Infrastructures publiques : Ousmane Sonko lance une task force pour débloquer plus de 245 projets stratégiques
Le gouvernement sénégalais a identifié 245 infrastructures et actifs publics confrontés à des blocages majeurs. Une task force a été mise en place pour accélérer leur mise en service et leur valorisation.
Le Premier ministre Ousmane Sonko a présidé, ce jeudi 21 mai 2026, un Conseil interministériel consacré aux infrastructures au Building administratif Président Mamadou Dia. Cette rencontre a permis au gouvernement de dresser un vaste diagnostic des projets publics confrontés à des difficultés de financement, de gestion ou de réalisation.
Au total, 245 actifs et projets d’infrastructures ont été recensés comme étant bloqués ou sous-exploités, représentant plusieurs milliers de milliards de francs CFA d’investissements publics.
Parmi ces projets, l’État a identifié 30 infrastructures déjà achevées mais toujours non exploitées, dont 25 considérées comme bloquées. Ces investissements immobilisés sont évalués à 279 milliards FCFA. Quinze infrastructures ont été classées comme prioritaires en raison de leur importance économique et stratégique.
Le gouvernement a également recensé 23 actifs déjà fonctionnels pouvant faire l’objet d’un recyclage ou d’une valorisation, pour une valeur estimée à plus de 1 065 milliards FCFA.
Concernant les chantiers en cours, 94 projets ont été identifiés, dont 62 actuellement à l’arrêt. Leur coût global est évalué à 5 227 milliards FCFA, avec un besoin de financement complémentaire estimé à 973 milliards FCFA pour permettre leur achèvement.
Le patrimoine immobilier de l’État figure aussi dans cet audit.
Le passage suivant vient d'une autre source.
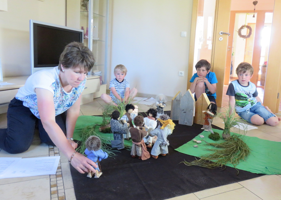 Der Kinderkirche im Wolfsbucher Pfarrgarten unter der Leitung von Stefanie Schuderer lag diesmal das Leitwort "Familie" zugrunde. Zunächst betrachteten die Kinder ein Bild von der Heiligen Familie. "Damals war vieles ähnlich wie bei euch zuhause. Die Mama hat das Jesuskind an der Handgenommen und geführt. Sein Papa hat ihm gezeigt, wie man Stecken schnitzt. Wenn der kleine Jesus traurig war, hat er sich von Mama trösten lassen. Und wenn er Angst hatte, ist er zu Papa gelaufen. Sie haben miteinander gelacht und geweint, sich geärgert und auch wieder vertragen - eben, wie eine ganz normale Familie", erzählte Schuderer.
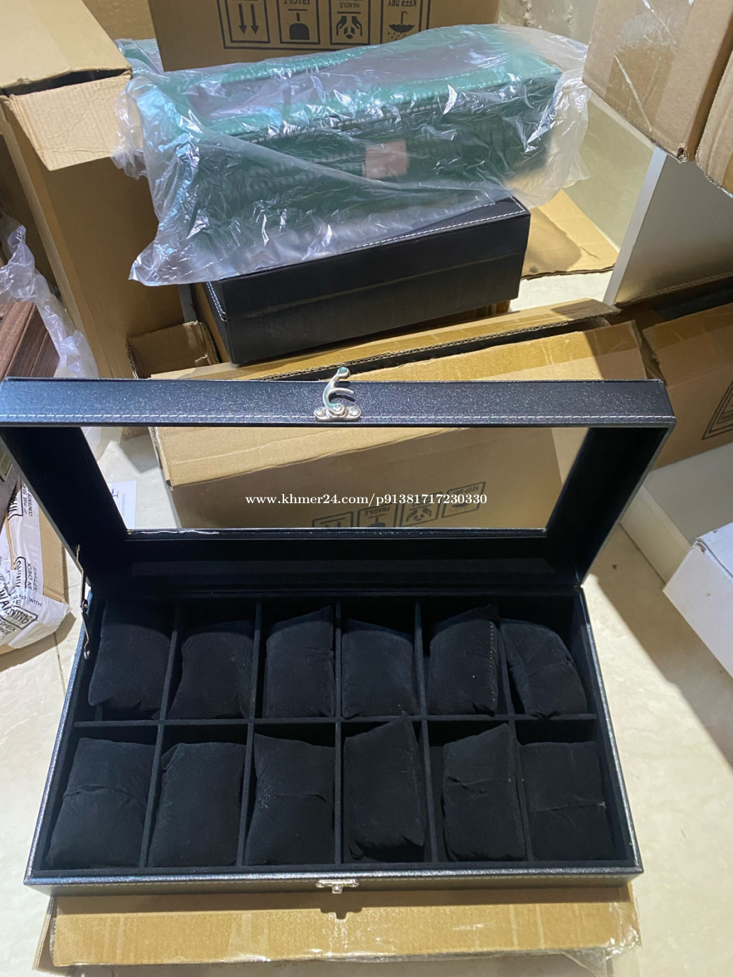 ប្រអប់នាឡិកា 12 ថត black lover | Watch Box | បងៗណាស្រឡាញ់ខ្មៅត្រូវម៉ាច់ តម្លៃ 16$ Join Telegram channel Free ដឹកបងៗ សម្រាប់ការកម្មង់អាចឆាត ឬ ខល 010739xxxClick To Call(smart) តេឡេក្រាម 093219xxxClick To Call Channel telegram t.me/Kdonlinecambodia #watch #watchboxorganizer #organizer
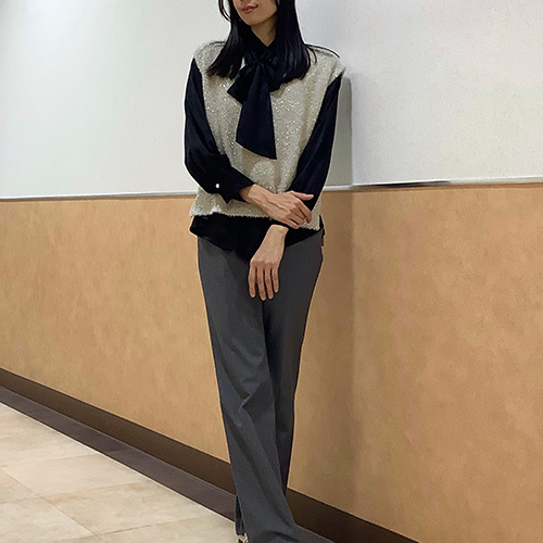 ご自宅で選択できるニットベストは、きらきらのラメが華やか!

Au total, 97 biens immobiliers et fonciers, principalement situés à Dakar, ont été recensés pour une valeur marchande estimée à 132 milliards FCFA.
Face à ces nombreux blocages, Ousmane Sonko a annoncé la création immédiate d’une task force placée sous la supervision du Secrétaire général du Gouvernement. Cette structure devra assurer un suivi hebdomadaire des dossiers et proposer, avant le 30 juin 2026, une feuille de route opérationnelle destinée à accélérer la finalisation et l’exploitation des infrastructures concernées.
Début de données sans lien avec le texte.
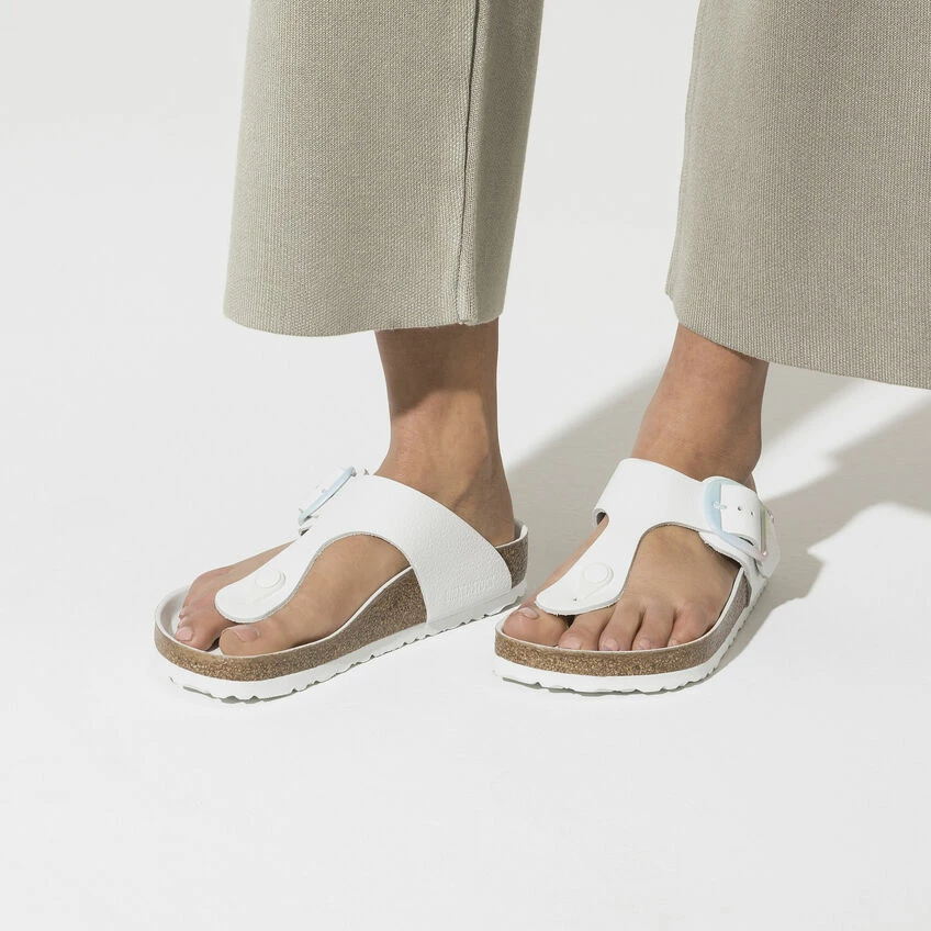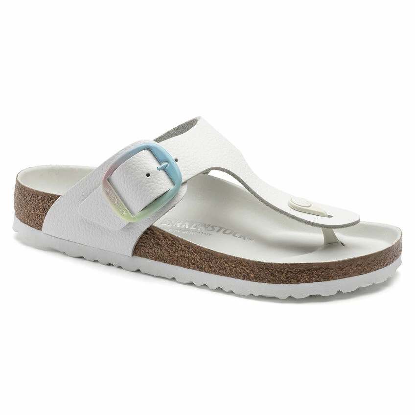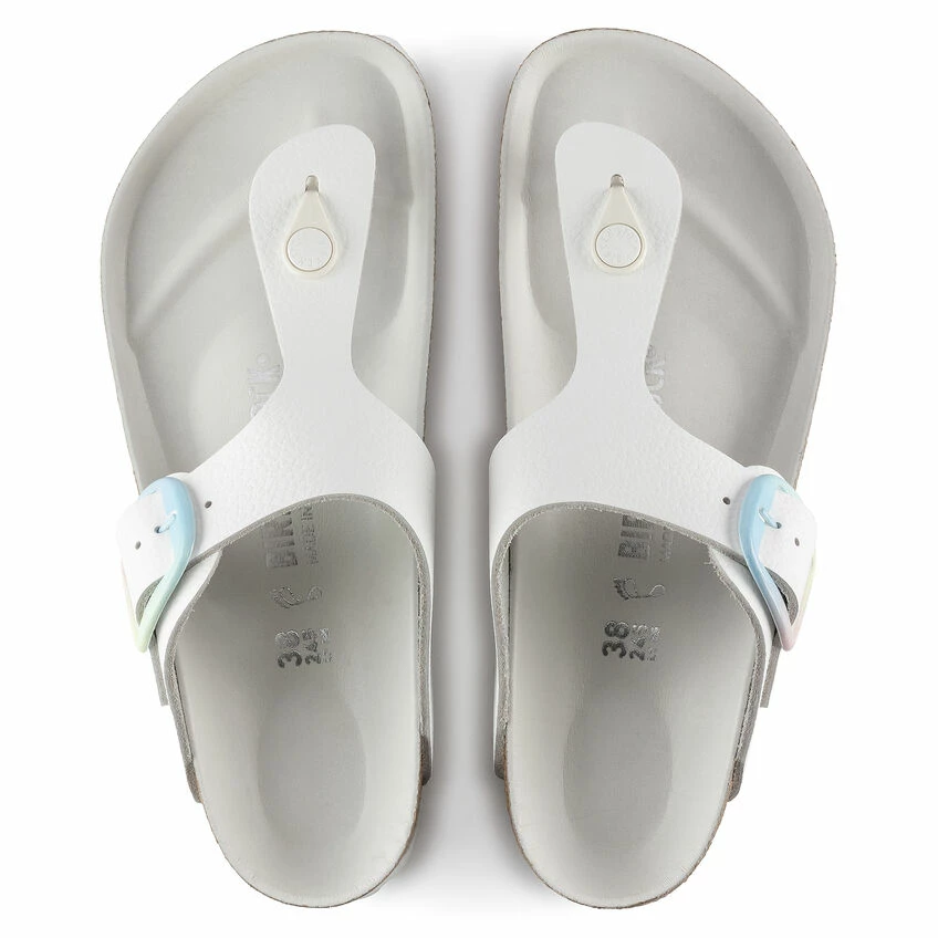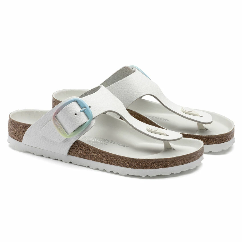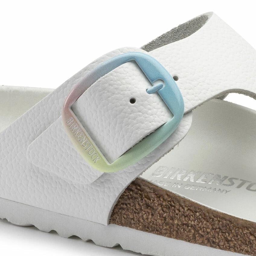 The Gizeh is a modern thong sandal from BIRKENSTOCK. Signature comfort with a refined, minimalist style, featuring the support of the iconic footbed. This version features our popular Big Buckle with an ombre effect โ a colorful pastel accent on this otherwise understated sandal. The color-coordinated semi-exquisite footbed is fully lined with soft piumato leather. The upper is made from high-quality aniline leather.
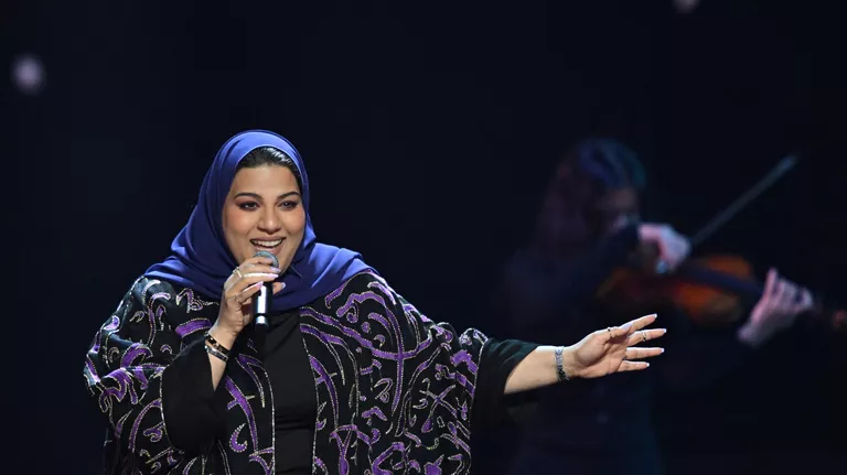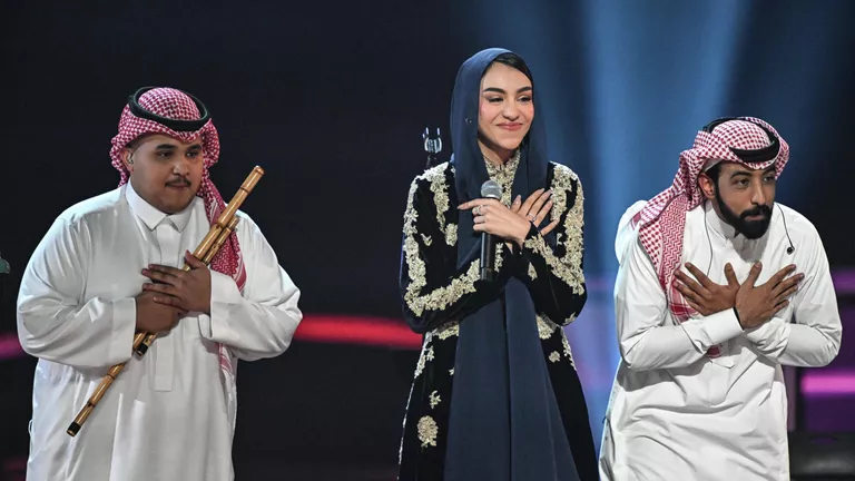 Зейна Имад (Саудовская Аравия) выступает на международном музыкальном конкурсе «Интервидение» в Москве.

Le diagnostic gouvernemental souligne que les principales difficultés sont liées aux contraintes financières, aux retards de paiement, aux insuffisances budgétaires, mais également à des problèmes techniques, juridiques ou organisationnels.
Le chef du gouvernement a notamment insisté sur la problématique des infrastructures achevées mais jamais exploitées, certaines restant inutilisées depuis plusieurs années faute de coordination ou de modèle de gestion adapté.
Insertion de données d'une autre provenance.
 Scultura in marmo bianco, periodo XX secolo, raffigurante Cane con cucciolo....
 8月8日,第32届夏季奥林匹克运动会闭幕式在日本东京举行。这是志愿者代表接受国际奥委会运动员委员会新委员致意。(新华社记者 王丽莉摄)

Plusieurs projets majeurs figurent parmi les priorités identifiées par l’État, notamment les infrastructures portuaires de Foundiougne, Soumbédioune et Ndangane, les agropoles de Mpal, Adéane, Dioulacoulon et Mbellacadiao, les Espaces numériques ouverts (ENO), l’Université du Sine-Saloum, les aéroports régionaux de Saint-Louis, Matam et Kolda, ainsi que l’hôpital Aristide Le Dantec.
Le gouvernement envisage également de renforcer les partenariats public-privé afin d’optimiser l’exploitation de certaines infrastructures sportives, touristiques et immobilières.
À travers cette opération de rationalisation, l’exécutif entend améliorer l’efficacité de l’investissement public, limiter les actifs dormants et renforcer la rentabilité des infrastructures financées par l’État.